US Home Sales Profit Margins Drop Below 45% for the First Time Since 2021
Home Sales Profit Margins Drop Below 45% in Q1 2026
In an unexpected turn, the profits from home sales in the United States have dipped below the crucial 45% mark for the first time in five years, marking a significant shift in the real estate market landscape. According to ATTOM's latest U.S. Home Sales Report released on April 23, 2026, homeowners experienced a 44.1% profit on typical single-family home and condo sales in the first quarter of 2026. This figure is a marked decrease from the previous quarter's 47.2% and a decline from 50.2% during the same period last year.
The latest profit margin stands as the lowest since the first quarter of 2021, continuing a gradually declining trend that began after reaching a record high of 63.5% in the second quarter of 2022. However, it's essential to note that despite this decrease, profit margins remain significantly higher compared to pre-pandemic levels, revealing a normalization in the housing market.
Home Prices Steady but Profits Down
Amid the declining profit percentages, the national median home sales price has remained stable at $360,000, unchanged from the previous quarter but reflecting a 3% increase from $350,000 a year ago. In cash terms, the typical single-family home or condo sold yielded a raw profit of approximately $110,100 in Q1 2026, which is also down 5% from the preceding quarter and 6% year-over-year.
Rob Barber, CEO of ATTOM, pointed out that the beginning of the year typically signifies a slower sales season, which was exacerbated this year by increasing mortgage rates. "After the record-high home prices we encountered last summer, prices seem to have leveled off," he noted.

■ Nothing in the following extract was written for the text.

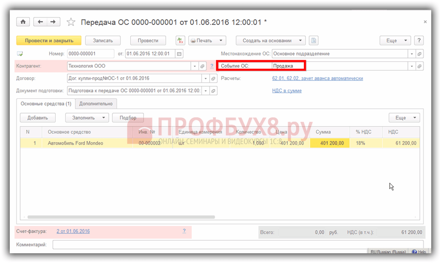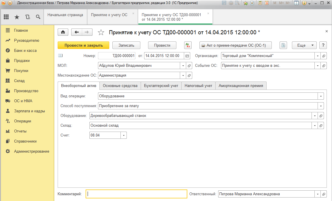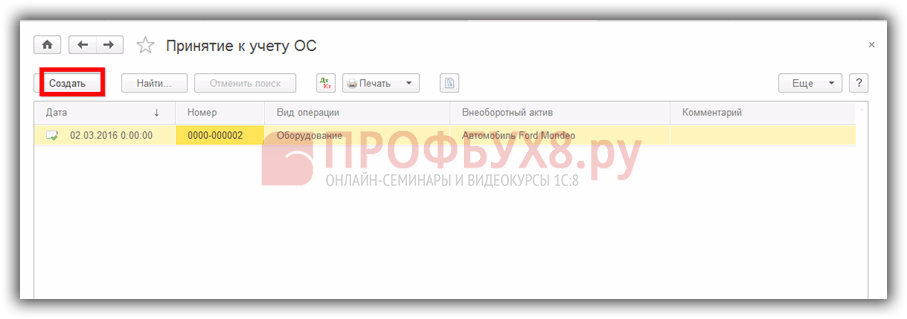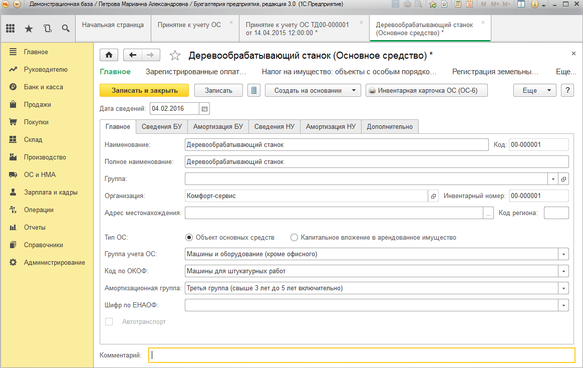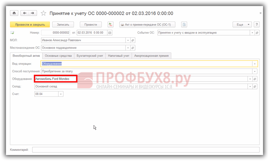 Проводить документ не будем, так как основное средство нам еще понадобится для рассмотрения операции амортизации.

Declining Seller Profit Margins Across the Nation
The ATTOM report analyzed 128 metropolitan statistical areas, revealing that in 74.2% of these regions, seller profit margins decreased. These areas were included based on having more than 1,000 home sales in Q1 2026. Year-over-year, 82.8% of metros experienced a drop in profit margins.
Among the most significant declines was observed in Ocala, FL, where profit margins fell dramatically from 119.4% in Q1 2025 to 58.1% in Q1 2026. Other Florida cities also experienced considerable drops, including Punta Gorda (from 78.9% to 54.3%) and Lakeland (from 62.2% to 38%). On the other hand, several Midwestern metros reported yearly increases in profit margins, such as Flint, MI, where profits increased from 65.5% to 81.8%.
Furthermore, in major cities with populations over 1 million, the greatest yearly declines in profit margins were reported in Raleigh, NC (down from 49.8% to 33.1%), and San Jose, CA (down from 88.5% to 74.8%).
Texas Metros Show Low Profitability
Interestingly, of the 128 metros analyzed, only 37.5% had profit margins exceeding 50% in early 2026. Notably, the highest typical profit margins among larger metro areas were in San Jose, CA (74.8%), Hartford, CT (72.4%), and Providence, RI (71.9%). Conversely, New Orleans registered the lowest profit margins at just 14%.
Raw Profits and Home Ownership Trends
Despite the profit margin decline, the typical home sale in Q1 2026 yielded notable raw profits nationwide, averaging $110,100. Areas such as San Jose, CA, saw the highest typical raw profits at $652,500, while Beaumont, TX, had the lowest at $23,578.
Furthermore, the average length of homeownership for sold properties slightly decreased, with homeowners selling after an average of 8.44 years in Q1 2026, down from 8.46 years at the end of 2025.
Interest in lender-owned sales has also risen, accounting for 1.6% of all sales nationwide, up from 1.3% the previous quarter. Additionally, all-cash transactions comprised 41.7% of sales, down from 42.4% last year, while institutional investors accounted for 6.6% of all home sales, reflecting a slight decrease from the previous year.
Conclusion
The trends captured in ATTOM's report indicate that while seller profit margins are experiencing noticeable declines, they still remain elevated compared to before the pandemic. Rising mortgage rates coupled with stabilizing home prices suggest a market that is transitioning towards a more normalized state after the unprecedented fluctuations observed in recent years. As these trends continue, the landscape of the U.S. housing market is expected to adapt, reflecting broader economic conditions and buyer behavior.